On Friday, 29 November 2013 at 15:21:26 UTC, Chris Cain wrote:
On Friday, 29 November 2013 at 12:06:17 UTC, Chris wrote:
[1] Raises the question whether we've been conditioned by C or whether C was intuitive.

I'll answer for you: C was very counter intuitive which is why no one has done exactly what it did since. Look up the spiral rule for reading types in C. Most often it can be thought of being read from right to left, but that's not the actual reading.

http://c-faq.com/decl/spiral.anderson.html

D fixes this massive issue to a certain degree, but it still feels backwards to me, despite me having been raised with "types on the left of the name". After using a language doing it "the right way" for awhile, you quickly adapt and realize it makes the most sense.

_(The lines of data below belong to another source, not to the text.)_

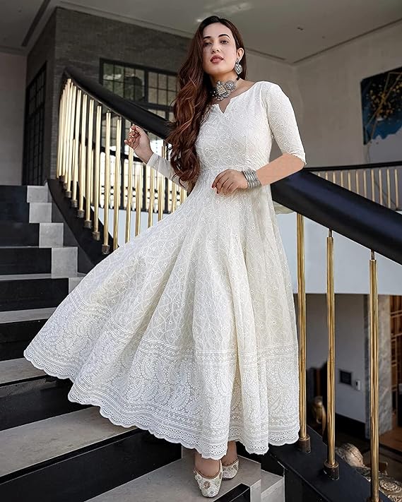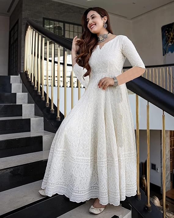 LookMark Women’s & Girl’s White Color Chikankari Long Kurti Gown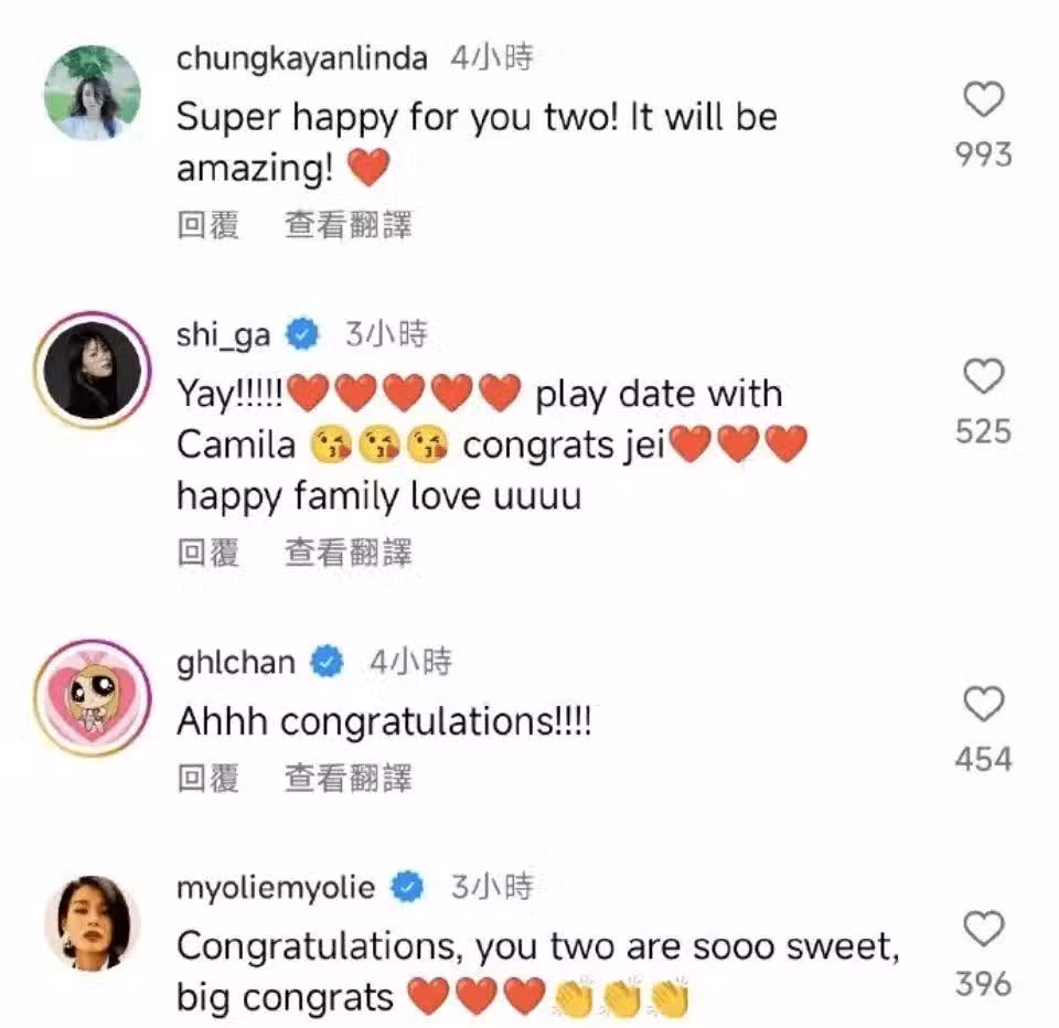 消息傳出後,不少圈中好友都紛紛送上自己的祝福,其中包括連詩雅、楊茜堯、胡杏兒、胡定欣、馬國明夫婦、李施嬅以及鍾嘉欣等人,看得出黃翠如的人緣很好,加上其另一半也是圈中人,自然有很多藝人好友。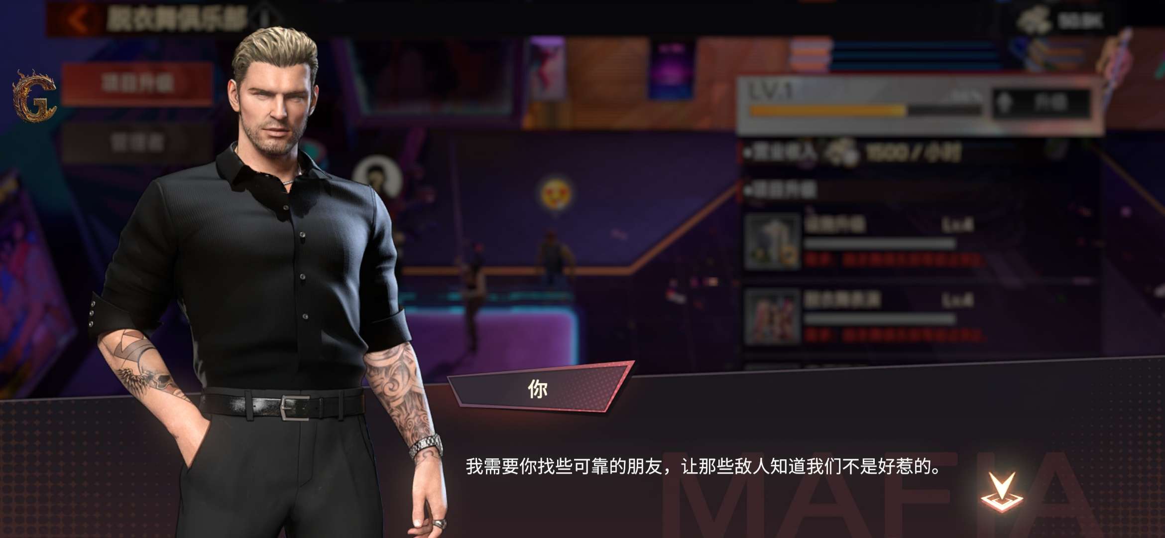 2.策略经营:酒吧、赌场、地下拳场自由建造,实时调控资源产出与防御布局。

At least, that's the way that I feel.

I agree that D, too, can be a bit confusing. I sometimes have problems with AA declarations.

Example:

string[string][string] hm; // What am I?

But I don't think it's the reading direction. I wonder why you would want the variable name first.

var omitNewline bool

or

func (r RepeatByte) Read(p []byte) (n int, err error)

or ":="

or "var". _Of course_ it's a variable:

bool yes;
string answer;

For my liking Go code looks too cluttered (pointing out the obvious). But I guess it's just the way you're "brought up" with a language. Maybe I'm a dinosaur.